/// Feedback
NProgress
A thin top-of-viewport progress bar with an imperative start/done controller for route and async transitions.
import { NProgress, nprogress } from "@protocore/pds";Driving the bar
Mount <NProgress /> once near your app root, then drive it with the nprogress controller. start() shows the bar and trickles it upward toward — but never reaching — 100%; done() fills and fades it out. set() and increment() give you manual control.
When to use it
This is the ambient "something is loading" signal for whole-page transitions: a client-side route change, a server action, a slow navigation. The trickle communicates ongoing work without a known duration — you call start() when the transition begins and done() when it ends, and the bar handles the in-between.
Because the controller is a module-level singleton, call it from anywhere — a router event, a fetch wrapper, a mutation callback — without threading props.
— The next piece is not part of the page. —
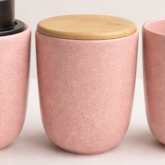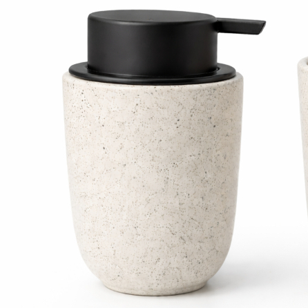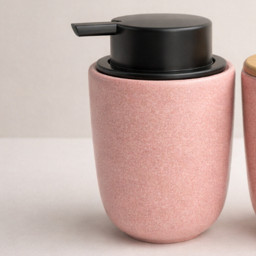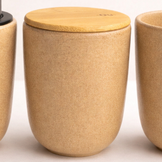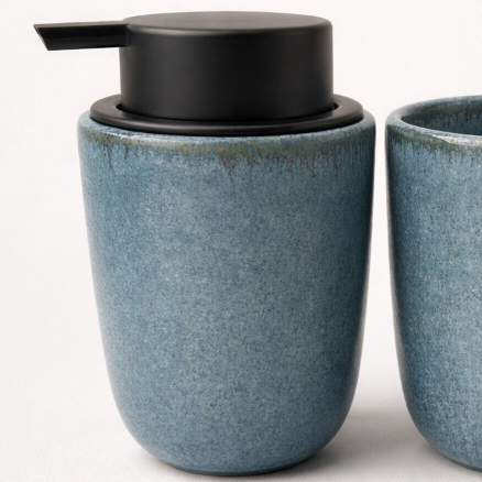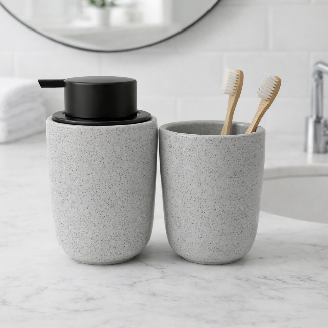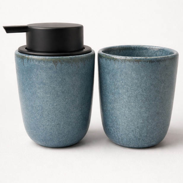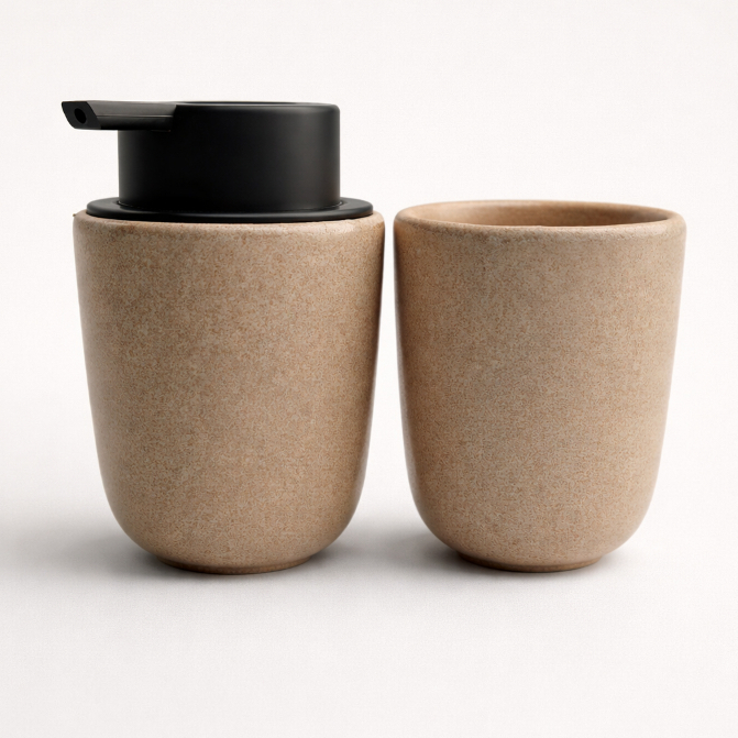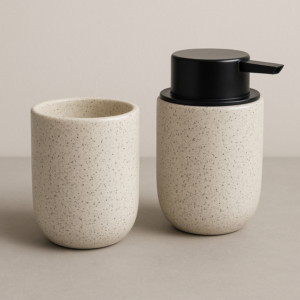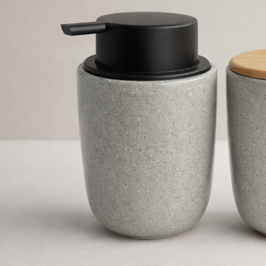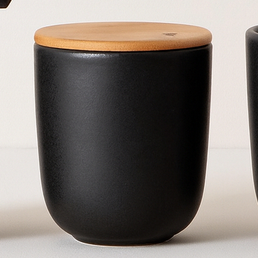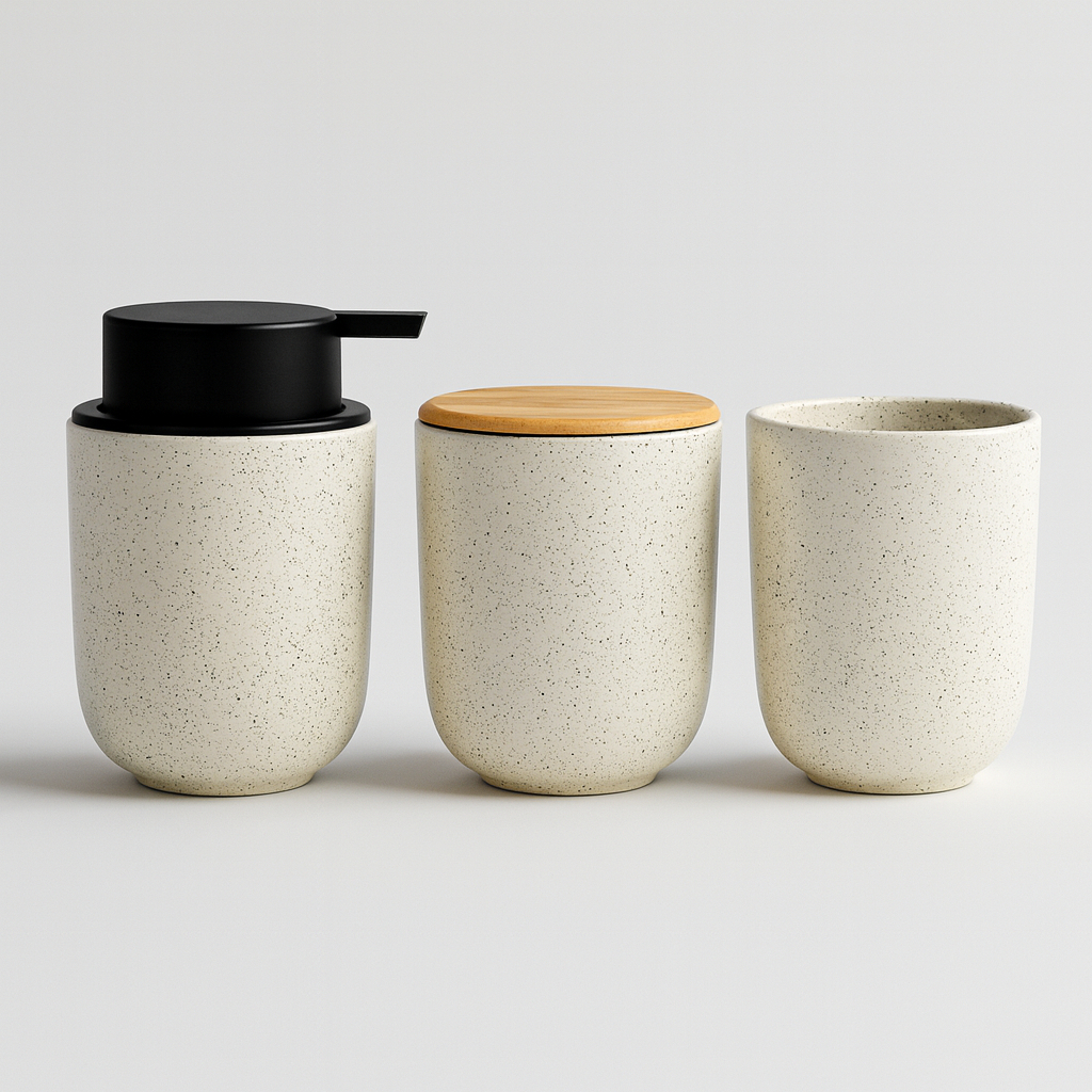 Kit Banheiro Luxo Cerâmica Preto Tampa de Bambu | Porta Sabonete Líquido Porta Escova Pote Lavabo

For determinate work with a real percentage, use ProgressBar; for a small in-place action, use InlineLoading.
Usage
Do
- Mount exactly one `<NProgress />` near the app root.
- Call `nprogress.start()` on transition start, `done()` on end.
- Wire it to router events or a shared fetch wrapper.
- Let the trickle stand in for an unknown duration.
Don't
- Mount several bars; they share one controller and will fight.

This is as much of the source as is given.